Ying Jin is currently a Wojcicki Troper Postdoctoral Fellow at Harvard Data Science Initiative, working with Professors José Zubizarreta and Marinka Zitnik at Harvard Medical School. Her research centers around conformal prediction, distribution-free inference, generalizability, distribution shifts, selective inference, and their applications in biomedical discovery and human decisions. In Fall 2025, she will join the University of Pennsylvania as an Assistant Professor of Statistics and Data Science at the Wharton School. She obtained her PhD in Statistics from Stanford University in 2024, advised by Professors Emmanuel Candès and Dominik Rothenhäusler. Prior to that, she obtained a B.S. in Mathematics from Tsinghua University in 2019. Ying’s talk will be in the Brown Awards session at JSM Nashville, August 2–8, 2025.

Model-free selective inference with conformal prediction

Artificial Intelligence (AI) has revolutionized decision-making and scientific discovery in fields like drug discovery, marketing, and healthcare. To ensure the reliability of AI models in high-stakes scenarios, uncertainty quantification methods such as conformal prediction aim to build prediction sets covering unknown labels of new data to quantify the confidence in predictions from these models. These methods typically provide on-average (marginal) guarantees which, despite being useful, can be insufficient in decision-making processes that usually come with a selective nature. For instance, in drug discovery, practitioners are often interested in identifying a subset of promising drug candidates rather than assessing an “average” instance.

This talk introduces Conformal Selection, a novel framework that offers selective inference capabilities to conformal prediction to address these challenges. We primarily focus on applications where predictions from black-box models are used to shortlist unlabeled test samples whose unobserved outcomes satisfy a desired property, such as identifying drug candidates with high binding affinities to a disease target in early stages of drug discovery (virtual screening). In drug discovery, conformal prediction has been applied to build prediction intervals for the unknown labels of new drug candidates, which are then used to identify promising ones before costly experimental validations. However, these approaches neglect the selection bias that may occur in such data-driven decisions. The proportion of false leads in shortlisted drug candidates is typically much higher than the nominal level for an average candidate, incurring unwanted waste of resources in subsequent investigations. This issue is the well-recognized winner’s curse in classical statistical inference.

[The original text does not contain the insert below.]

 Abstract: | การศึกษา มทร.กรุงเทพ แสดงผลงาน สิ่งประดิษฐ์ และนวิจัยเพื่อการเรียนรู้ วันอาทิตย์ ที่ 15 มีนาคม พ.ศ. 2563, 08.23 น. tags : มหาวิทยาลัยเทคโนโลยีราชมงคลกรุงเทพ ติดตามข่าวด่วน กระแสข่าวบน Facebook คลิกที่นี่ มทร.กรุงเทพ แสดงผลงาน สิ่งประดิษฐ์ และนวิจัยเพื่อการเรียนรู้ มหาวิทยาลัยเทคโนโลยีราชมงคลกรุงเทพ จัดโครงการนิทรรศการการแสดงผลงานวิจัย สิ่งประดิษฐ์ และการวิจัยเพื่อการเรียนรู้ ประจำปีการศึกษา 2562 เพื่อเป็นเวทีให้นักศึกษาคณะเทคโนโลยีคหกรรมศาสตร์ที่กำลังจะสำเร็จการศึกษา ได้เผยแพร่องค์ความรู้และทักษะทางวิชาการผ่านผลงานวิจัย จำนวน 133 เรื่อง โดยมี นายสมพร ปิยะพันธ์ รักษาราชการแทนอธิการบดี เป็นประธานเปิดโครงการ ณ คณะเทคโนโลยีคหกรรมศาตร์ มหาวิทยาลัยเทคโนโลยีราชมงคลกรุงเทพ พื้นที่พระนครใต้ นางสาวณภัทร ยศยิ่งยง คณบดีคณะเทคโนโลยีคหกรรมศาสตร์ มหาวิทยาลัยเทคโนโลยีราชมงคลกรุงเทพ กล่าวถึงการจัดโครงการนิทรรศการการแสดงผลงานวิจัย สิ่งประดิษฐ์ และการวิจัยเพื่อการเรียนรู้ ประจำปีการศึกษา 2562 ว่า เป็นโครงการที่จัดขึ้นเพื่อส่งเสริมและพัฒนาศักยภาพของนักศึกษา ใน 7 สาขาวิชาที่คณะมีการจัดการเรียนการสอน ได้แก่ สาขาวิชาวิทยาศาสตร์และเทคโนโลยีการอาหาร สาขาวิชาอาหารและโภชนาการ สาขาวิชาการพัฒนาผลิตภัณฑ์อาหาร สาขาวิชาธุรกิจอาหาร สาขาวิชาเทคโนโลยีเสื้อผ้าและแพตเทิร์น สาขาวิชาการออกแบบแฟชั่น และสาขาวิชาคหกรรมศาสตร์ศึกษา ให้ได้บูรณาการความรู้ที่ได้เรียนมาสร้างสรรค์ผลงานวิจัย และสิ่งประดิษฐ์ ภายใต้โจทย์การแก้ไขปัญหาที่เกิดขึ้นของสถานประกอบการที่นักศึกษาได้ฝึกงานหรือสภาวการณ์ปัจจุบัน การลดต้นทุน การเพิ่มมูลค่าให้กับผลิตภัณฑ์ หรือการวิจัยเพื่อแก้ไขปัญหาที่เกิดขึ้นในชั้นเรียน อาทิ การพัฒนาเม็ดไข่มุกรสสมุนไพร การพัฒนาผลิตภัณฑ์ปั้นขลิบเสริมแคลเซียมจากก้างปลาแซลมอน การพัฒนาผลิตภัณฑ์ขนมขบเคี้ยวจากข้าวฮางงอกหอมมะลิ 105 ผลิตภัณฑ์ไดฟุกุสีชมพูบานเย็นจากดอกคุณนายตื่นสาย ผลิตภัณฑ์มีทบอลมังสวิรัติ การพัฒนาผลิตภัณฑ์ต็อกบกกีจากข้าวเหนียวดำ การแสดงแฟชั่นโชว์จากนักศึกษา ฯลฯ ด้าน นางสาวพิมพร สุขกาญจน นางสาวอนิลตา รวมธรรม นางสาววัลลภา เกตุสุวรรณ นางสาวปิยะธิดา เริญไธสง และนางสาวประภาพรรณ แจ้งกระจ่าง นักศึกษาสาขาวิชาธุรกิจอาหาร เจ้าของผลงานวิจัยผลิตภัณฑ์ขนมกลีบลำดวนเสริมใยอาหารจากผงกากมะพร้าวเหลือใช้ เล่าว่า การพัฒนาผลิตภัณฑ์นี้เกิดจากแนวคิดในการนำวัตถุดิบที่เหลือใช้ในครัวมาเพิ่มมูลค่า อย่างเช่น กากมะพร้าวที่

Conformal Selection allows the use of any black-box prediction model to identify unlabeled samples whose unobserved outcomes exceed user-specified values, while controlling the average proportion of falsely selected units (FDR). Leveraging a set of labeled data that are exchangeable with the unlabeled test points, our method constructs conformal p-values that quantify the confidence in unobserved large outcomes for each test sample. It then uses the Benjamini–Hochberg (BH) procedure to determine a data-dependent threshold for the p-values as a criterion for making confident selections. We show that even though the conformal p-values are dependent, as they rely on the same set of labeled data, their favorable positive dependence enables finite-sample, distribution-free FDR control. We show that in several drug discovery tasks, our methods narrow down the drug candidates to a manageable size of promising ones while controlling the proportion of false leads.

The most important assumption in Conformal Selection is that the test data must be exchangeable with the labeled data. However, in real scientific discovery and decision-making problems, new data often differs from those in the training set. For instance, new drug candidates may have distinct scaffolds than the known drugs. To address this challenge, we further introduce a Weighted Conformal Selection procedure. Assuming a covariate shift between unlabeled test samples and labeled training data, it builds weighted conformal p-values that remain valid for testing a single large outcome under the covariate shift. However, we prove that the favorable positive dependence among these p-values no longer holds. We then develop a new multiple testing procedure that calibrates individual selection thresholds for these p-values to ensure finite-sample FDR control. We also discuss certain robustness properties of the procedure when the covariate shift is estimated from data.

We apply Weighted Conformal Selection to several biomedical discovery tasks with realistic distribution shifts, using the hidden embeddings from deep learning prediction models as covariates. We demonstrate that Weighted Conformal Selection achieves FDR control while effectively adjusting for distribution shifts that arise from scaffold splitting of small molecules, temporal shifts in clinical experiments, synthetic sampling with generative AI models, and protein design with mutant revisions.

This is based on my PhD work with Emmanuel Candès.